DOVER, Del. - Jeff Gordon was singing in the rain at Pocono Raceway last June when a downpour ended the race after 106 of 200 laps, sending his first-place No. 24 Chevrolet to Victory Lane.
The four-time Cup champion sang a different tune at Dover this weekend, wondering aloud if the 2.5-mile track in Long Pond, Pa., is worthy of hosting two races per season on NASCAR's top circuit.
Although he vowed his affection for Pocono Raceway's owners, Joe and Rose Mattioli, Gordon said the "racetrack is outdated [and] needs a ton of upgrades. . . . I'm shocked that they've had two races as long as they have, and I'll be surprised if that stays that way for the future."
The Pocono 500 is next Sunday.
Despite the Mattiolis' repeated denials that their track is for sale, Gordon's remarks fueled the rumor mill in the wake of Kentucky Speedway's sale to Speedway Motorsports Inc.
SMI chief Bruton Smith has expressed interest in bringing a Sprint Cup Series event to Kentucky, but to do so he would have to acquire another track and then move the race date to his new facility.
Gordon was cheered by employees at DuPont's headquarters in Wilmington on Thursday, when company officials announced a two-year extension to remain the primary sponsor of his Hendrick Motorsports car.

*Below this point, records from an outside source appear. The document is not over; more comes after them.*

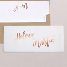 Eine handgeschriebe Typographie vereint mit Ihren Vornamen in Kupfer. Verlieben Sie sich in die Originalität und Eleganz der Hochzeitseinladung Schmuckkästchen.
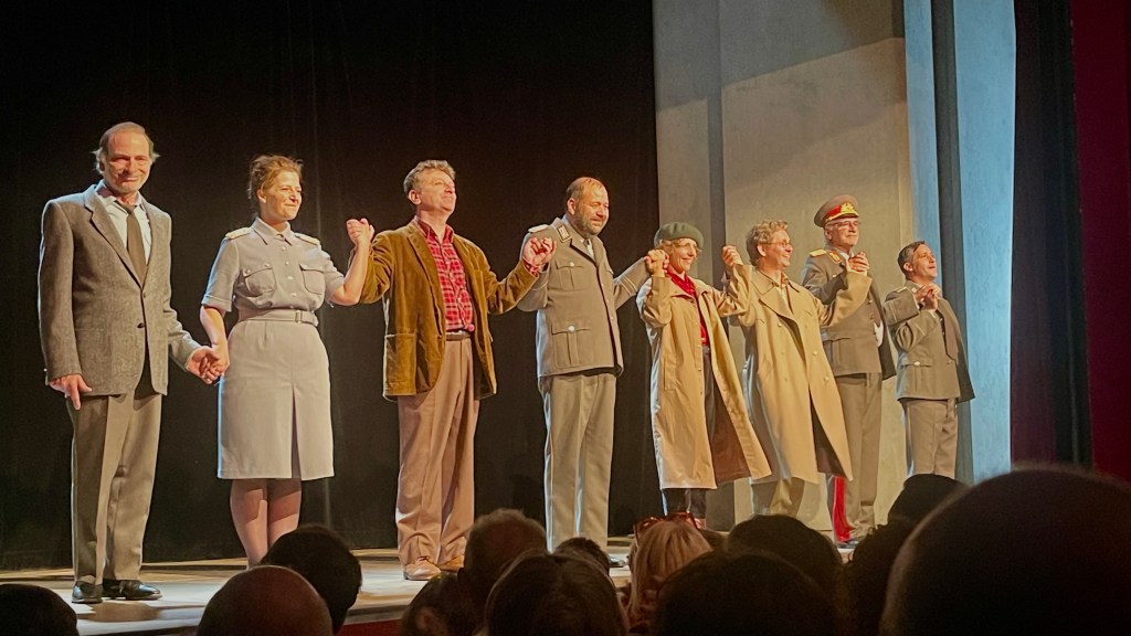 Dans une mise en scène belle et réussie signée José Paul; déambulent une pléiade d’excellents comédiens. Patrick Haudecoeur est un parfait Ludwig; amoureux maladroit prêt à tout par amour et par liberté , y compris se jeter dans la gueule du loup pour passer à l’ouest avec sa bien aimée; interprétée par l’excellente Caroline Maillard, elle-même également prête à tout pour sa liberté; comme jouer au jeu de la séduction avec un agent de la Stasi. Guillaume Bouchède est très drôle et touchant dans ce personnage de la Stasi, de base très dur mais qui devient tout doux au contact de cette charmante infirmière; pas si douce et innocente qu’il ne l’imagine. Michel Lerousseau est un parfait médecin/espion prêt à tout pour réussir sa mission, quitte à se servir de ce couple prêt à tout pour leur liberté; Raïssa Mariotti s’amuse autant qu’elle nous amuse dans le rôle de Birgit, la femme de Werner également membre de la Stasi, d’une froideur implacable y compris envers son mari mais le cœur sur la main pour redonner le sourire à son supérieur dépressif. Guilhem Pellegrin est très drôle dans ce personnage de colonel en pleine dépression par le départ de son être aimé, au point de ne plus avoir le cœur à « l’interrogatoire »; Gino Lazzerini et Claude Guyonnet complètent avec brio cette équipe en alternant des personnages gravitant autour de cette tentative d’évasion pour la liberté devenant au fil du temps une véritable parodie des plus grands films d’espionnage.
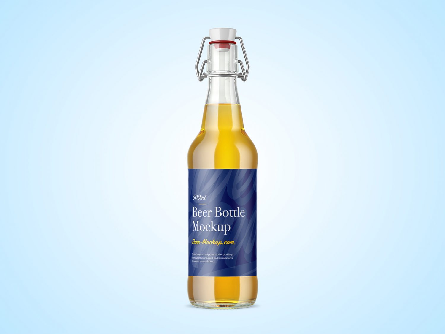 Clear Glass Beer Bottle Free Mockup with Swing Top Cap to showcase your branding packaging design in a photorealistic style. Simple edit with smart layers. Free for personal use only. Special thanks to Yellow Images for this freebie!
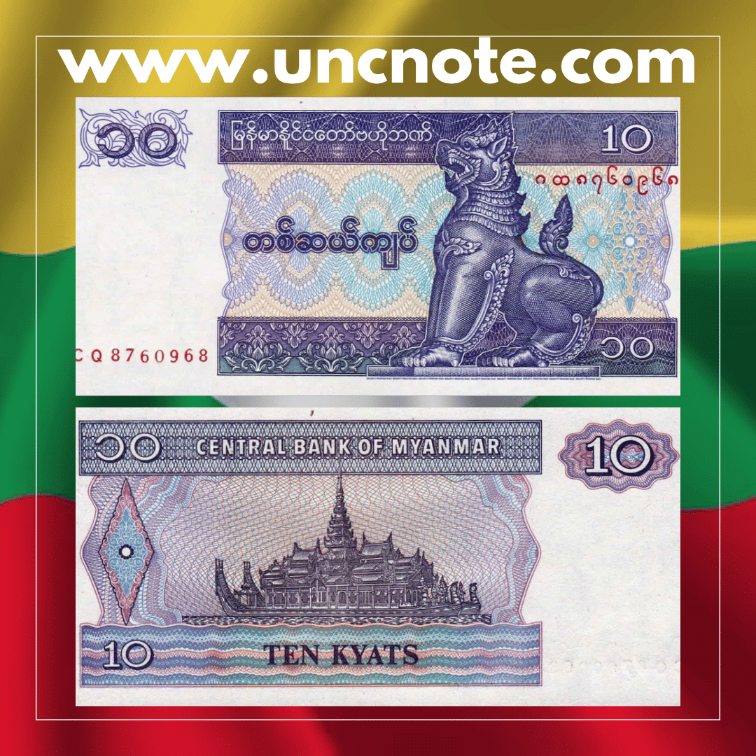 Issued by the Central Bank of Myanmar in 1995, this 10 Kyats banknote is part of the series highlighting Myanmar’s cultural heritage and national symbols.
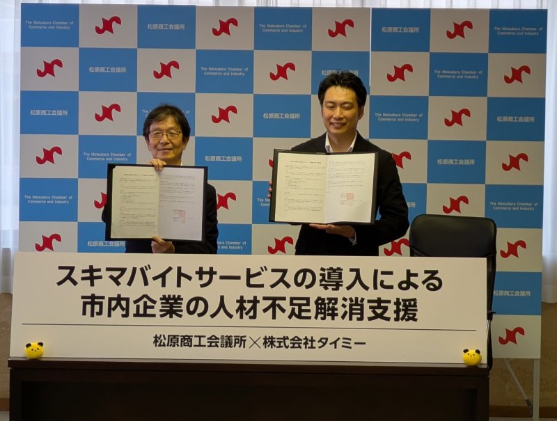 松原商工会議所(大阪府、松岡義則会頭・松岡特殊印刷)は8月5日、スキマバイトサービスを展開するタイミーと連携協定を締結した。同協定は、松原市内の企業が抱える人手不足の解消を目的としたもの。同所が5月に市内企業を対象として実施した調査では、約半数が人手不足と回答しており、企業が若手人材の獲得・定着に苦慮している現状が明らかになった。同所は若年層の利用が多いタイミーの活用を促進し、一時的な人手不足の解消に加えて、継続的な雇用にもつなげることで恒常的な人材不足対策を支援していく。タイミーとの連携協定の締結は、大阪府内の商工会議所としては初めてとなる。
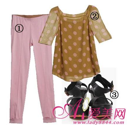 搭配Tips:腿较粗的矮个子MM不妨试试修身但不是紧身的7分裤,搭配假两件的上装,选择的上装可以是不规则不对称下摆的T恤或者是雪纺衫,不要忽略了厚底鞋。
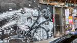 Off to the first of the evening openings then, this is not the time to head back to the pub, we’re only five hours in and there’s more exploring to be done, the last gallery left standing down Vyner Street is calling, Head past another distinctive Aida Wilde print pasted up on the wall and it is a rather depressingly void down the now very sanitized coffee shop polluted Vyner Street now, if ever a street had the life gentrified out of it no, let’s not go there again, hard to believe this place was once so alive with people and art, you know the history by now….
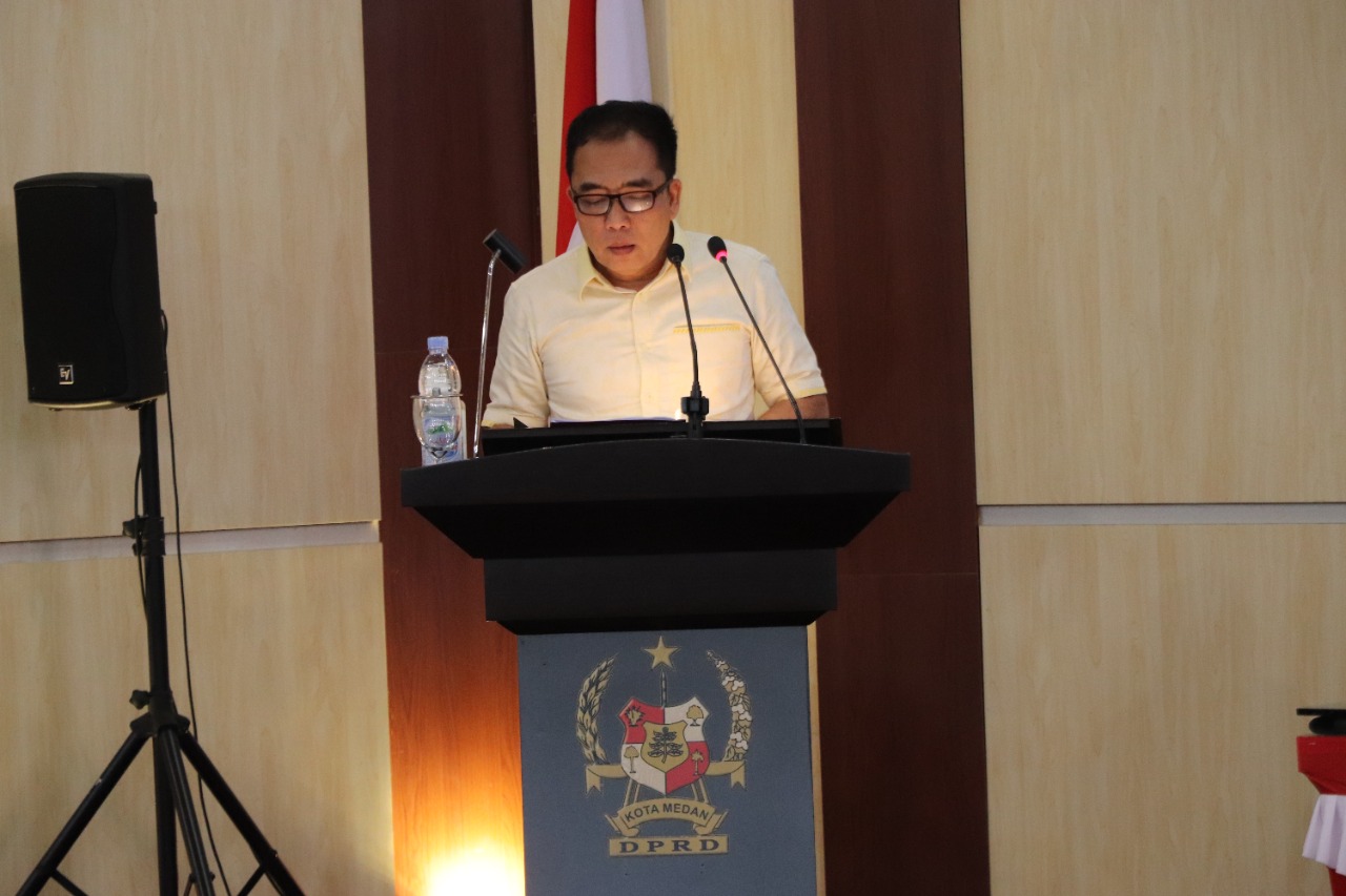 Rapat paripurna dipimpin Ketua DPRD Medan, Hasyim SE didampingi Wakil Ketua H Ihwan Ritonga SE, Rajudin Sagala, T Bahrumsyah dan para anggota dewan. Hadir juga Sekwan DPRD Medan M Ali Sipahutar, Plt Kabag Persidangan Andreas Willy Simanjuntak. Sedangkan dari Pemko Medan dihadiri Walikota Medan M Bobby Afif Nasution, Wakil Walikota Aulia Rachman, Sekda Pemko Medan Wiria Alrachman dan para pimpinan OPD Pemko Medan serta perwakilan Fokompinda Kota Medan.
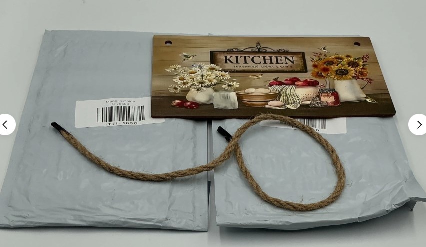 The product is a set of two hanging signs, specifically model C75600. These signs are designed to add a decorative touch to a home or garden by displaying a message or design. The hanging feature allows them to be easily displayed on a wall or door, making them a versatile and eye-catching addition to any space.
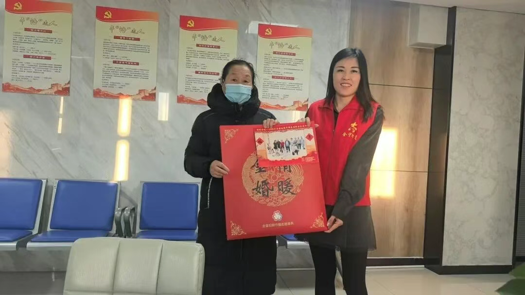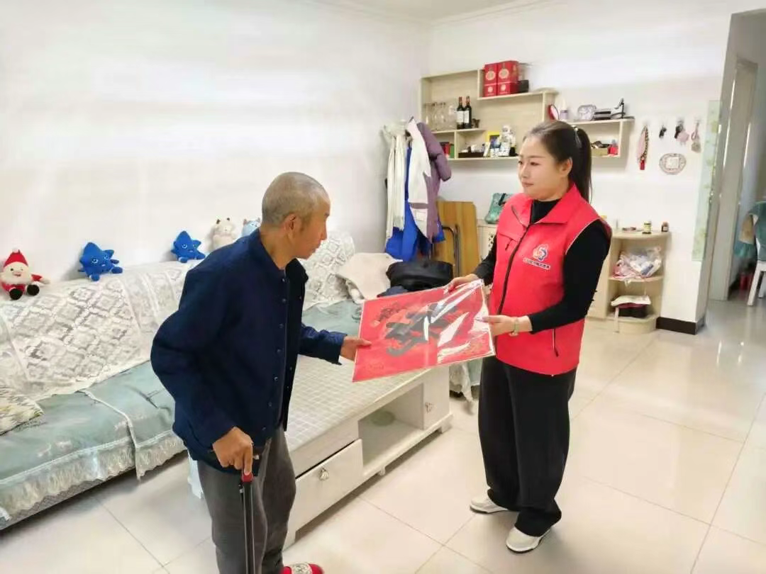 女性自愿者们采纳上门造访的方法,将这份满载祝福的礼物送到白叟手中。本次活动赠送的礼物不只有制造精巧的全家福相片,还有闻名书法家孙晓云题写的“寿”字著作。这份礼物既是对白叟们长久以来彼此扶持、共度风雨的婚姻生活的礼赞,也寄托着对他们健康长寿、夸姣健康的夸姣祝福。

His reception does not figure to be nearly as warm at Pocono. According to NASCAR spokesman Brad Klein, Pennsylvania is considered a hotbed for racing and Philadelphia is the No. 4 market for Sprint Cup telecasts.
Delayed at the start for more than three hours by thunderstorms, yesterday's Heluva Good! 200 went green at 6:13 p.m. and sent the 43-car Nationwide Series field into a race against fading daylight.
But given the way that Denny Hamlin has raced over his last three visits to Dover International Speedway, he may have been able to navigate the concrete one-mile oval in the dark.
Hamlin led for 131 of the 200 laps to breeze to the checkered flag in the No. 18 Joe Gibbs Racing Toyota.
Joey Logano, who turned 18 a week ago - reaching the minimum age to compete in any of NASCAR's top three series - came home sixth in the No. 20 JGR Camry. It was his Nationwide Series debut.
"The team did a great job, but a sixth-place finish ain't much in my book," Logano said.
The biggest disappointment, though, was felt by Kyle Busch.
After putting all but 18 cars at least one lap down midway through the race, Busch's No. 32 Toyota suffered heavy damage in a pit-road fender-bender with Brad Keselowski.